Update: Meeting between Pope Francis and President Biden did not happen

bidenandpopefrancis2016 Pope Francis greets then-U.S. Vice President Joe Biden at the Vatican in this April 29, 2016. | Vatican Media

In a story June 14, 2021, about Joe Biden and Pope Francis, the Catholic News Agency, based on information provided by a source, erroneously reported that the U.S. President would meet with the pope on June 15. According to Vatican sources June 15, there is no meeting currently scheduled between Pope Francis and President Joe Biden.

A corrected version of the story is below:

President Joe Biden’s attendance at early morning Mass with Pope Francis was nixed from an early plan for the first meeting of both leaders, a reliable Vatican source told CNA.

President Biden is currently in Europe for several high level meetings, offering a potential opportunity to meet with Pope Francis. According to Vatican sources June 15, there is no meeting currently scheduled between the two men.

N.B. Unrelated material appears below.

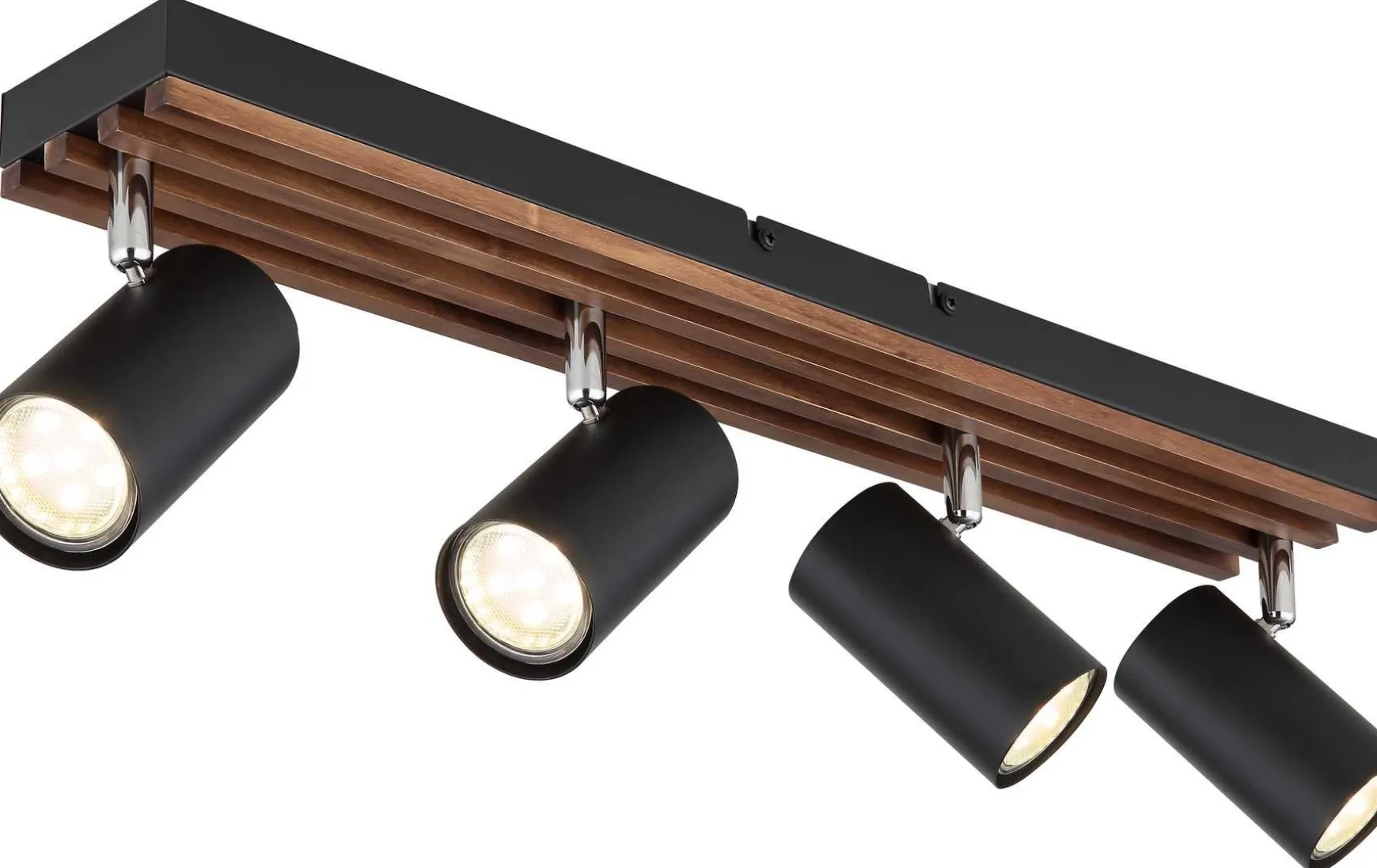 Die Wandleuchte vereint modernes Design mit natürlichen Akzenten und bietet eine stilvolle Beleuchtungslösung für jedes Zuhause. Das rechteckige Wandschild aus mattem schwarzen Metall wird durch eine edle Holzapplikation in dunkelbraunem Holz ergänzt, was für eine harmonische Kombination aus modernen und natürlichen Elementen sorgt. Die zylindrischen Strahler aus schwarzem Metall sind flexibel verstellbar und ermöglichen eine präzise Ausrichtung des Lichts, ideal für Akzentbeleuchtung. Mit einer Länge von 560 mm, einer Breite von 80 mm und einer Höhe von 125 mm eignet sich die Leuchte hervorragend für verschiedene Wandbereiche in Ihrem Wohnzimmer, Flur oder Arbeitsraum. Die Strahlerleuchte wird ohne Leuchtmittel geliefert und ist mit GU10-Fassungen ausgestattet, sodass Sie das passende Leuchtmittel für Ihre Bedürfnisse auswählen können. Diese Wandleuchte kombiniert funktionale Beleuchtung mit elegantem Design und ist ein wahrer Blickfang in Ihrem Raum.

The President’s entourage had originally requested for Biden to attend Mass with the pope early in the morning, but the proposal was nixed by the Vatican after considering the impact that Biden receiving Holy Communion from the pope would have on the discussions the USCCB is planning to have during their meeting starting Wednesday, June 16.

The U.S. bishops are slated to vote on creating a committee that would draft a document about Eucharistic coherence.

President Biden is in Europe for several high-level meetings. After attending the G7 summit in Cornwall, England, he traveled to Brussels, Belgium. He wil then fly to Geneva, Switzerland, for his scheduled summit with Russian President Vladimir Putin on June 16.

Then U.S. Vice President Biden met with Pope Francis for the first time in September 2015, when the pope visited the United States to attend the World Meeting of Families in Philadelphia.

The following year, on April 29, 2016, Biden went to the Vatican for a summit on regenerative medicine, where he praised Pope Francis and advocated for a global push to cure cancer.

Biden opened his speech at the Vatican by recalling how, while visiting the United States the previous September, Pope Francis had comforted him after the loss of his eldest son Beau, who passed away the previous summer at the age of 46 from brain cancer.